Before MOORMAN, HICKS, and HICKENLOOPER, Circuit Judges.
*8 MOORMAN, Circuit Judge.
In National City Bank v. Carter, 31 F. (2d) 25, this court affirmed the trial court's decision that the bank was liable to Carter for a fraud practiced upon him by Hunter, one of its vice presidents. As a result of that decision the bank brought this action against the appellee surety company to recover on the bond which it had issued to the bank to indemnify it against Hunter's dishonest acts. Upon motion at the trial the District Court directed a verdict for the surety company and entered judgment thereon on the ground that the bank did not give the company the notice required by the bond. The bank appeals.
The scheme to defraud Carter was effected through the bank on December 27, 1920. Carter filed suit against the bank on April 1, 1922. This was the first knowledge the bank had of Carter's claim against it. The suit came on for trial October 7, 1924, and an order of mistrial was entered October 9, 1924. Thereupon the bank on October 10, 1924, notified the surety company for the first time of Carter's claim and the pending suit. The bond was executed January 1, 1919, and was in effect at the time Hunter committed the acts for which the bank was held liable. After setting forth the agreement to indemnify the bank against certain losses it states:
"The foregoing agreement is subject to the following conditions and limitations: * * *
"4. The insured shall give to the underwriter written notice of any loss hereunder as soon as possible after the insured shall learn of such loss, and within ninety days after learning of such loss shall file with the underwriter an itemized proof of claim duly sworn to."
Both parties seem to concede and we accept it as settled on the authority of Ocean Accident & Guarantee Corp. v. Old Nat. Bank, 4 F.(2d) 753 (6 C. C. A.), Home Ins. Co. v. Peoria & P. U. Ry. Co., 178 Ill. 64, 52 N.E. 862, and other cases, that the word "loss" refers to a condition in which the insured would be subjected to a claim or demand "out of which a legal liability might arise," and not to an adjudged liability.
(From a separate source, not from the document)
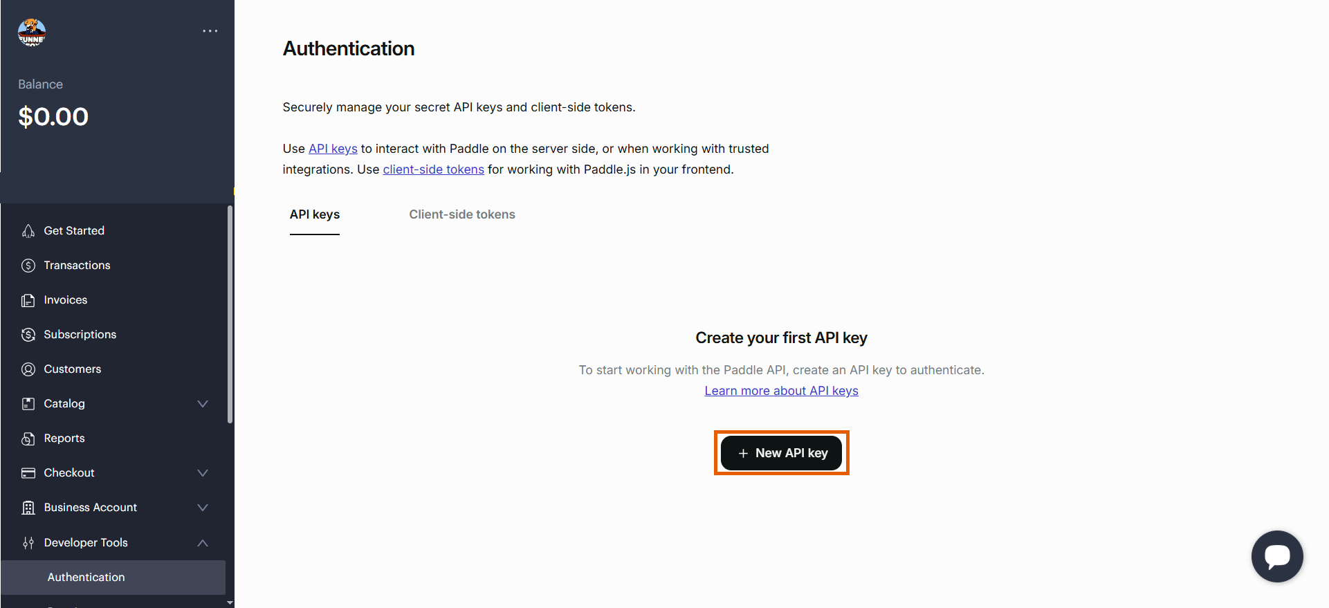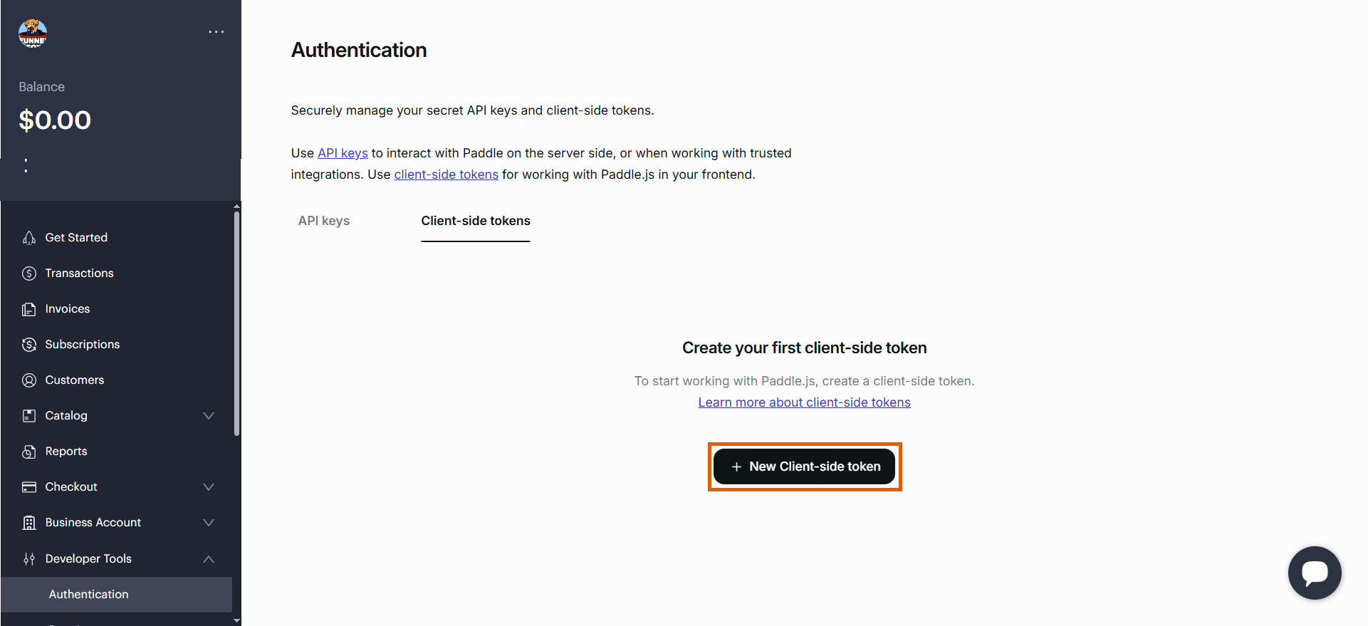 - Go to the Client-side tokens tab of Developer Tools > Authentication in Paddle.

The bank contends that, as the bond does not specifically provide that the failure to give notice of the loss shall forfeit the bond or preclude a recovery thereon, the provision requiring the insured to give such notice as soon as possible is not a condition precedent and does not defeat recovery. The bond provides that it "is subject to the following conditions and limitations," one of which is that the insured shall give notice as soon as possible after learning of the loss. It does not state in terms that notice is a condition precedent or that failure to give notice shall forfeit the bond. It is plain, however, according to the current of authority, that, where one of the conditions of an indemnity bond is the giving of notice of the loss within an agreed time, if notice is not given within such time, there is no liability on the bond. In Guarantee Co. of North America v. Mechanics' Sav. Bank & Trust Co., 183 U.S. 402, 22 S. Ct. 124, 125, 46 L. Ed. 253 (on certiorari to [6 C. C. A.] 100 F. 559), a teller's bond, after stating that "the following provisions are also to be observed and binding as a part of this bond," provided that the bank should at once notify the surety company upon becoming aware that the employee was speculating, gambling, or engaged in any disreputable or unlawful habits or pursuits. The court held that the failure to give notice of information that the teller was speculating defeated a recovery on the bond, saying that the rule that doubtful language in a bond is to be interpreted in favor of the insured cannot "be availed of to refine away terms of a contract expressed with sufficient clearness to convey the plain meaning of the parties, and embodying requirements compliance with which is made the condition to liability thereon." See, also, Travelers' Ins. Co. v. Nax (C. C. A.) 142 F. 653; Reynolds v. Detroit Fidelity & Surety Co., 19 F. (2d) 110 (6 C. C. A.); Callen v. Massachusetts Protective Ass'n (C. C. A.) 24 F.(2d) 694; Wachovia Bank & Trust Co. v. Independence Indemnity Co. (C. C. A.) 37 F.(2d) 550; St. Louis Architectural Iron Co. v. New Amsterdam Cas. Co. (C. C. A.) 40 F.(2d) 344; Home Bldg. & Sav. Ass'n v. New Amsterdam Cas. Co. (C. C. A.) 45 F.(2d) 989.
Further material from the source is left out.